The chart confused me because I expected to see performance numbers of CUDA-L2 compared to the others, but instead it shows a chart showing the speedup percentage of CUDA-L2 over the others. In some sense, the bar chart effectively inverts the performance of torch.matmul and cuBLAS with how much percentage it shows. 0% on the bar chart would only mean equal performance.
I've been trying my hand at RL envs for various sparse matrix algorithms in CUDA. It's easy to generate code that "looks good", "novel" and "fast". Escaping the distribution and actually creating novel sequences of instructions or even patterns (has any model come with something as useful as fan-in/fan-out or double buffering patterns that's now ubiquituous?) seems difficult to say the least.

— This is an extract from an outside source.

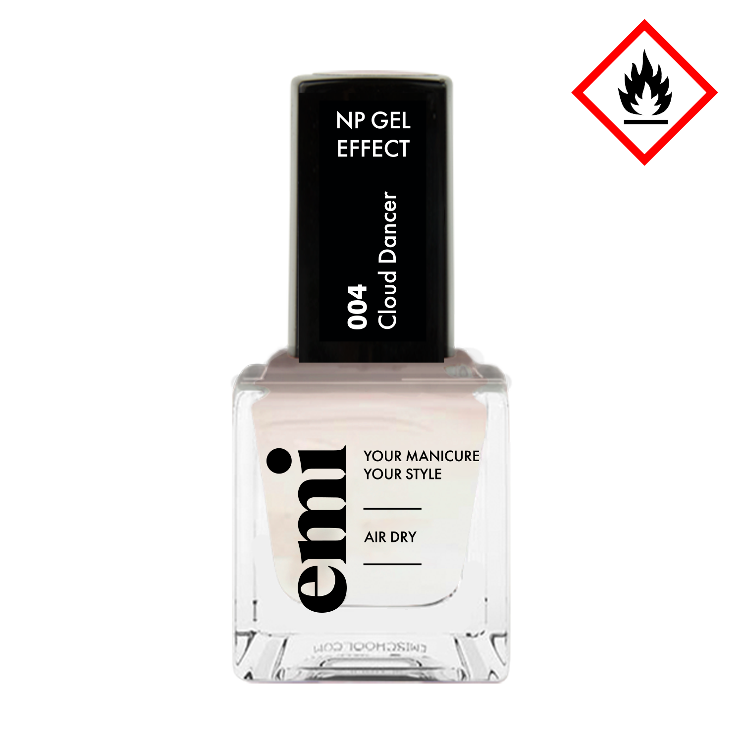 E.Mi Cloud Dancer 004 is een elegante nude nagellak met gel-effect. Droogt in 10 minuten zonder lamp en blijft tot 10 dagen perfect glanzen.

Am I reading this wrong, or does this only support FP16 inputs, and compares its performance against an FP32 solver?
[flagged]
This is a standard which few kernels will ever meet. I'd say requiring a numerical proof is the same as requiring no proof at all - because it won't ever happen unless you're validating silicon or something equally expensive.
I guess it depends on your definition of proof but I’d say the reasoning and justifications sections of a TOMS article qualifies and that’s a standard nearly every popular library meets.